Over the weekend of March 7, Pan Ellington was still serving a packed room of diners at Henry’s, the restaurant at the Graduate Berkeley hotel.
Mindi Marcus was mixing drinks and pouring cold beers for partiers at the decades-old Missouri Lounge a couple miles away.
Siobhan McGurk was checking in runners and dancers and swimmers at the front desk of the downtown Berkeley YMCA, and saxophonist Nora Stanley was playing gigs and giving lessons around the area.
By the following weekend, all four people would be out of work.
That’s how quickly the coronavirus spread throughout the Bay Area and the world, prompting local health officials on March 16 to order people to stay home except to leave for activities deemed “essential.” As a result, diverse industries saw mass layoffs. Without customers, restaurants couldn’t or wouldn’t pay servers. And with venues closing, everyone from actors to audio engineers to bouncers stopped getting paychecks. Florists, hairstylists, housekeepers, retail workers and booksellers have found themselves in the same position.
State data confirm reports of job loss during the outbreak. California processed 186,809 unemployment insurance claims the week ending March 21 compared to 48,385 claims for the week ending March 7, before the shelter-in-place order. The 186,809 figure was a 363% increase over the same week the previous year. And the governor has said exponentially more people have filed for unemployment.

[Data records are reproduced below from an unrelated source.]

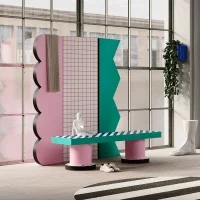 Seletti Superbench è una panca d’ingresso o d’appoggio a strisce blu dal carattere iconico, realizzata in Mdf e Hpl, che riprende le forme e i colori del design radicale italiano degli anni ’60 e ’70. Parte della collezione Superfurniture, la panca celebra l’energia creativa di quell’epoca, reinterpretata attraverso la visione contemporanea del collettivo anonimo di designer e artisti Hello Again. Perfetta in spazi domestici, studi creativi o aree contract.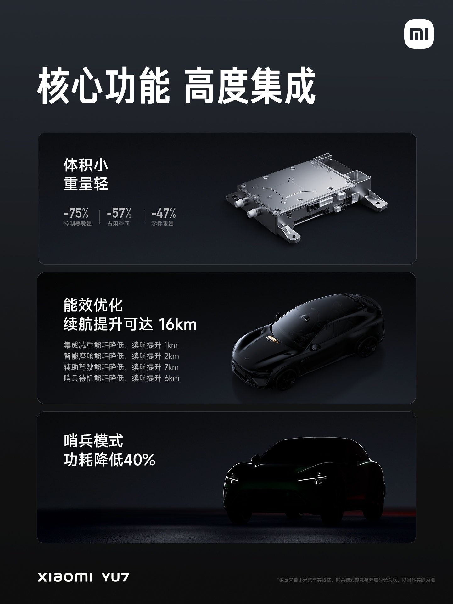- “Four-in-One Domain Control Module” nu numai că reduce dimensiunea și greutatea (reducând numărul de controlere cu 75%, economisind 57% din spațiu și diminuând greutatea componentelor de la 6.85 la 3.6 kg, o reducere de 47%), dar realizează și optimizarea eficienței energetice la nivelul întregului sistem.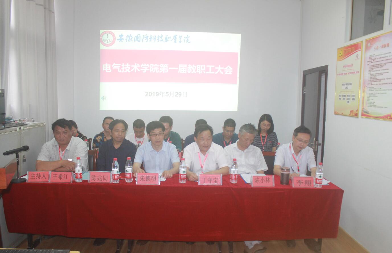 本网讯(电气技术学院 史媛芳)5月29日,电气技术学院第一届教职工大会在行政楼106会议室顺利举行。大会分预备会和正式会议两个阶段,由党总支书记王希江主持。校党委副书记、纪委书记、工会主席朱德明列席会议。校党委委员、副校长丁守宝,电气技术学院全体教职工代表参加大会。列席会议的还有高职研究所主任陈小林、校纪检监察室主任陈兆同等。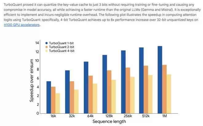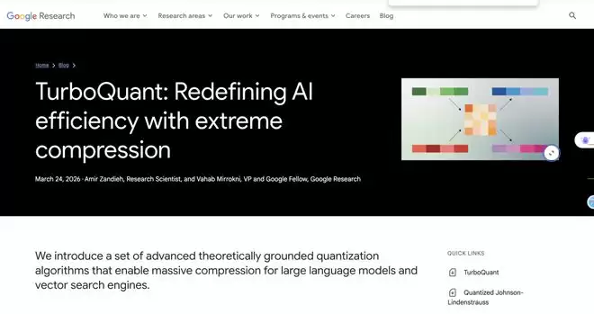 在TurboQuant的发布博客上,谷歌最新用几个数据描述了这个新算法的有效性——“3bit无损”、“8×加速”、“6×压缩”、“零预处理”。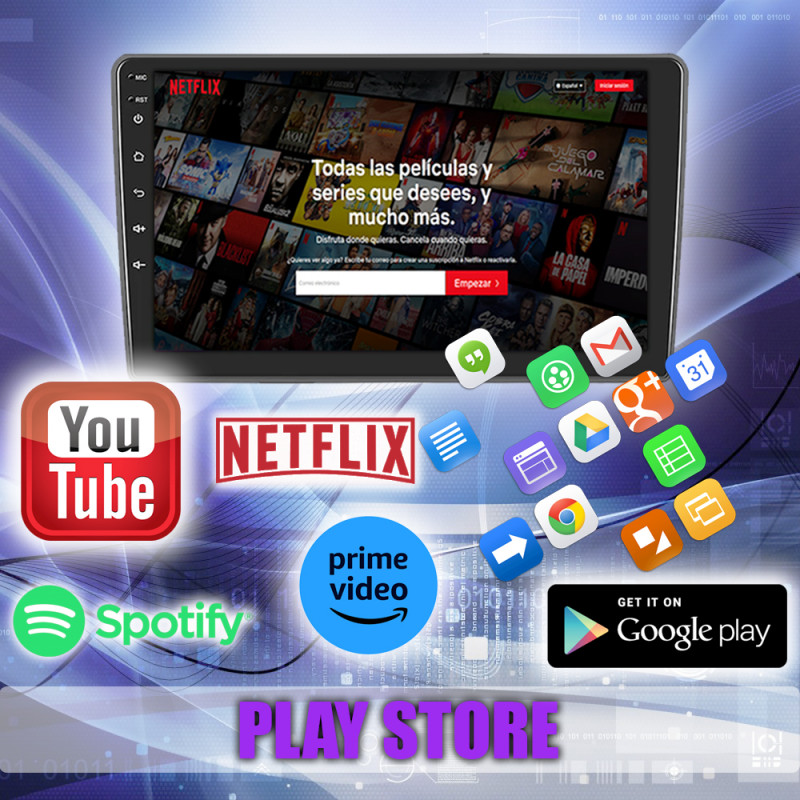Google Play Store, YouTube, Netflix, Prime Video, TomTom, Spotify, YT Music, Google Maps, Facebook, entre muchas más.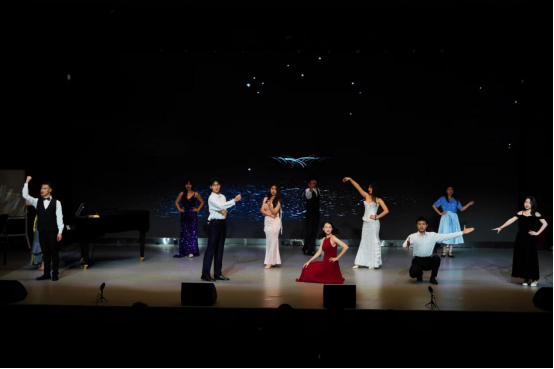 音乐会以器乐合奏《诀别书》作为开场,由蔡晓雯、孙婉盈等同学倾情演奏,钢琴伴奏由萧善柔同学担任。悠扬的乐曲为音乐会奠定了不俗的艺术基调。紧接着是女声小组合唱《我的情歌》,由何亚坤、钟乐娴等同学带来,钢琴伴奏由陈彦尹同学担任。她们甜美的歌声和默契的配合,展现了音乐系女生们的艺术魅力。情景音乐剧《甄媛传》由郭家惠、李彦蔚等同学精彩演绎,钢琴伴奏由寇幸研同学担任。作品以独特的创意和精湛的演技,带领观众穿梭于不同的时空,感受音乐与戏剧的完美结合。情景音乐剧《等着我亲爱的人》由徐琳淋、刘媛等同学演出,钢琴伴奏由霍政言、杨凯婷同学担任。作品深情而感人,赢得了现场观众的共鸣。舞台情景剧《卖报歌》由周慧妍、杨洁敏等同学演出,钢琴伴奏由刘伟鹏同学担任。这部作品以生动的表演和深刻的主题,展现了音乐剧的魅力。情景音乐剧《那些年》通过音乐与戏剧的结合,由蔡立裕和刘志远同学等演绎,讲述了一群年轻人在校园成长道路上的欢笑与泪水,他们的故事触动了在场每一位观众的心。这部原创作品不仅展现了员工们的艺术才华,也传递了对青春美好记忆的怀念和对未来的无限憧憬。《不忘初心》通过音乐小品的形式,传递了坚持梦想、不忘初心的正能量。刘雨筝、温婉莹等同学用真挚的表演和感人的歌声,激励着每一位观众在人生旅途中保持热情和勇气,无论遇到何种困难和挑战,都不放弃追求和梦想。最后本场音乐会的压轴节目原创音乐剧《酒馆》由陈晓辉、梁燕婷等同学演出,这部作品以其独特的艺术风格和精彩的表演,为音乐会增添了一抹亮色。他们的热情演绎和节目的编排点燃了每一位观众的心。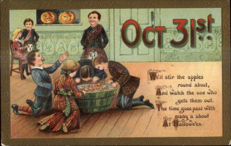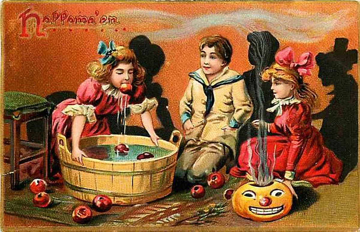 cioè, “pescare” a turno, con l’unico aiuto dei propri denti, le mele che galleggiano in un catino pieno d’acqua. Quantomeno, non un attentato alla proprietà privata; ciò non di meno, non esattamente l’hobby che suggerirei in una festa di quartiere nel mezzo di una pandemia influenzale.

Hanna Morris, employment program manager at the Vietnamese American Community Center of the East Bay, assists immigrants and refugees in finding work in Oakland and Berkeley. Now she’s fielding 20 calls a week from people who’ve lost the stable jobs she helped them secure years ago. Instead of seeking employment, they’re now calling the center desperate for basic needs like groceries for their families.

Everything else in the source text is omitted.